[Data excerpt]

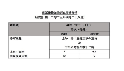 香港新聞網6月15日電 今日(15日)的香港立法會會議上,議員劉國勳就紓緩港鐵東鐵綫的負荷向運輸及房屋局長陳帆提出質詢,陳帆回應指港鐵已為東鐵綫額外採購三列列車,預計年底投入服務,到時繁忙時段的班次可由2.7分鐘加密至2.5分鐘。他表示,據推算,若進一步加大列車頻次至2分鐘一班,現時的34列車則需增至42列,港鐵將留意實際客流量適時進行規劃。
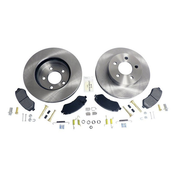 The Crown Automotive Front Disc Brake Service Kit for 02-07 Jeep Liberty KJ provides factory replacements for repairing the front disc brakes on your Jeep. These disc brakes are constructed from rubber and steel with an unpainted finish. This kit includes the rotors, brake pads, pad springs, caliper pins and caliper pin boots. The Disc brake kit is Backed by Crown's 12 month warranty.
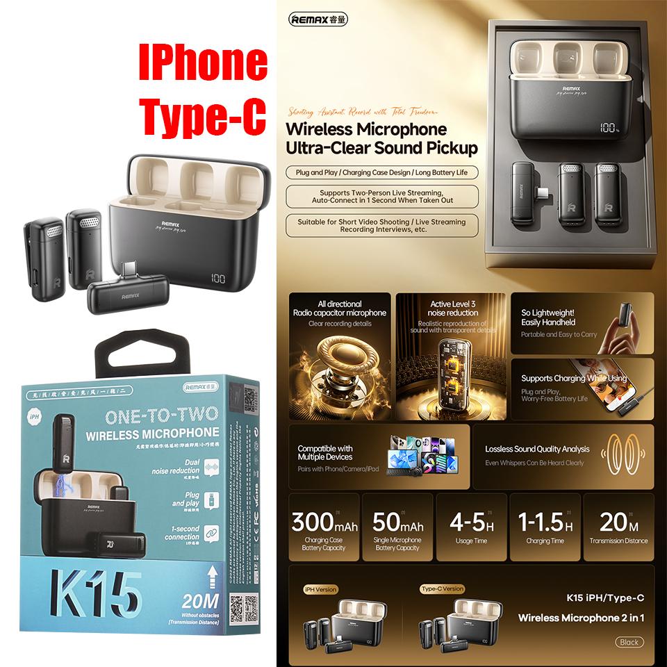 Microphone LIVE Wireless Remax K15 Type-C 2in1 - ក្បាលមេក្រូអត់ខ្សែ Remax K15 Type C 2in1
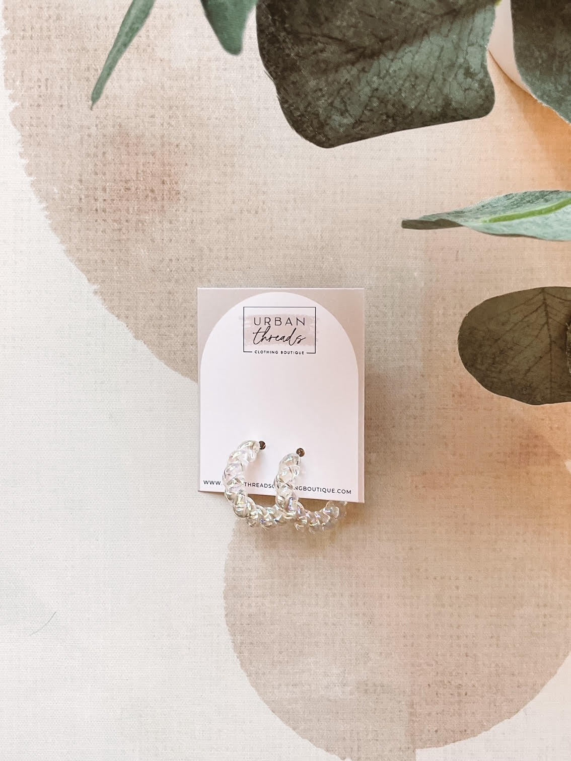 Clear Iridescent Braided Hoop Earrings

[Task requirements] Copy the lines above exactly and exclude every image.

[Solution for this problem]
 香港新聞網6月15日電 今日(15日)的香港立法會會議上,議員劉國勳就紓緩港鐵東鐵綫的負荷向運輸及房屋局長陳帆提出質詢,陳帆回應指港鐵已為東鐵綫額外採購三列列車,預計年底投入服務,到時繁忙時段的班次可由2.7分鐘加密至2.5分鐘。他表示,據推算,若進一步加大列車頻次至2分鐘一班,現時的34列車則需增至42列,港鐵將留意實際客流量適時進行規劃。
 The Crown Automotive Front Disc Brake Service Kit for 02-07 Jeep Liberty KJ provides factory replacements for repairing the front disc brakes on your Jeep. These disc brakes are constructed from rubber and steel with an unpainted finish. This kit includes the rotors, brake pads, pad springs, caliper pins and caliper pin boots. The Disc brake kit is Backed by Crown's 12 month warranty.
 Microphone LIVE Wireless Remax K15 Type-C 2in1 - ក្បាលមេក្រូអត់ខ្សែ Remax K15 Type C 2in1
 Clear Iridescent Braided Hoop Earrings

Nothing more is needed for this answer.